Scheduling, k8sGoogle open source, strong community push, there are a lot of landing solutions. Rancher on the K8S function expansion, and k8S cluster interaction of some convenient tools, including the execution of the command line, management of multiple K8S cluster, view the running status of k8S cluster nodes, recommended integration.

Related article: Is “Continuous Integration” publishing so hard? “Process” technical review, what do you joke about? The invisible hand in “process” research and development is very painful. With MinIO, would you still be able to use FastDFS?

13. Troubleshooting

Java often has memory overflow problems. After exporting the stack using JMAP, I usually use MAT for in-depth analysis.

For real-time online analysis, there are Arthas and Perf tools.

Of course, there are a large number of Linux tools to support this.
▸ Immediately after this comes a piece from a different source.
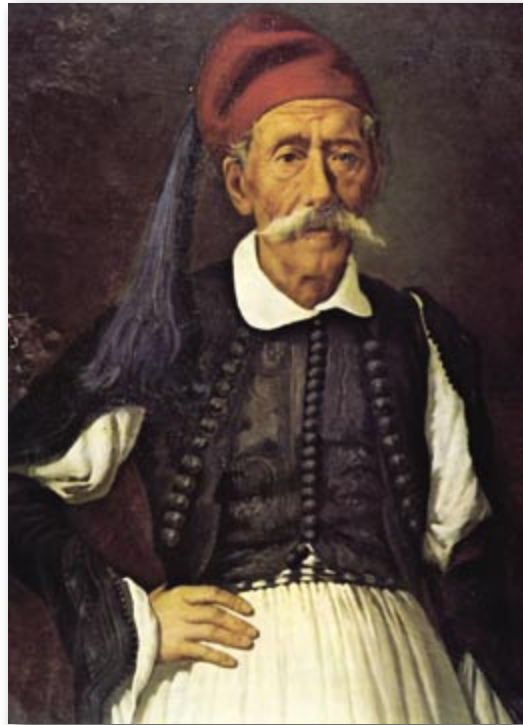
Κανέλλος Δεληγιάννης Αθήνα, Εθνικό Ιστορικό Μουσείο.

Έτσι φεύγει από τη Βοστίτσα για τη Νότια Πελοπόννησο. Στο δρόμο ξεσήκωνε τους πάντες με τα φλογερά του λόγια. Στα Καλάβρυτα, ανάμεσα στους Φιλικούς του τόπου, γνώρισε το Νικόλαο Σολιώτη, ένθερμο οπαδό των απόψεών του, που πρώτος, στην κυρίως Ελλάδα στις 16 Μαρτίου 1821, στη θέση Πόρτες, κοντά στο χωριό Αγρίδι χτύπησε τους Τούρκους. Φτάνει στα Λαγκάδια της Αρκαδίας και συναντά τους Δεληγιανναίους με την κρυφή ελπίδα να τους πείσει ν' αρχίσουν την Επανάσταση. Μα και εκεί τον καρτερά η ίδια η απογοήτευση. Ο Κανέλλος Δεληγιάννης γράφει χαρακτηριστικά γι' αυτή τη συνάντηση «Είπομεν στον Παπαφλέσσα ότι ημείς με τους εδικούς σου λόγους και με του Υψηλάντη τα ονειροπολήματα, και με τας ξηράς και ανυπάρκτους υποσχέσεις δεν είμεθα ανόητοι, μήτε απελπισμένοι να καταστρέψωμεν την πατρίδα μας... και αν αποφασίσωμεν να κάμωμεν την Επανάστασιν θα σκεφθώμεν σοβαρώς και θα την κάμωμεν ημείς, χωρίς τας εδικάς σας ανύπαρκτους υποσχέσεις, και σε συμβουλεύομεν να υπάγεις εις έν απόκεντρο μοναστήρι να ησυχάσεις κρυμ-

Related articles: The Most Common Batch of Command parsing on Linux (10 Years of Selections) The most common set of Vim techniques the most common set of Sed techniques the most common set of AWK techniques

Local tools

There are many jars and tools for local use. Here are just a few of the most common ones.

Database connection pool, the most used druID. Currently, there are hikari database connection pools that claim to be the fastest, as well as the old-school DBCP and C3P0.

Json, domestic use fastJSON most, every two or three days out of a vulnerability; Abroad, Jackson is used more. The apis are similar, Jackson has more features, but FastJSON is easier to use. Given fastJSON’s frequent security issues, there has been a wave of moves to fastJSON.

In terms of toolkits, although there are various Commons packages, Guava is preferred.

End

Today is September 08, 2020.

This kind of article, every year I will sort out. Some of the new faces, some of the ones I personally knocked out. Architecture selection, in addition to your own more familiar with a certain technology, use more assured. It’s more about doing a lot of research, comparing, and mastering.

Technology changes with each passing day, new bottle old wine, noun a laundry list, programmer very hard. Only the underlying principle, the idea of simplicity, has endured.

Author introduction: Little sister taste (XJjdog), a programmer is not allowed to detour the public number. Focus on infrastructure and Linux. Ten years of architecture, 10 billion traffic per day, and you discuss the high concurrency world, give you a different taste.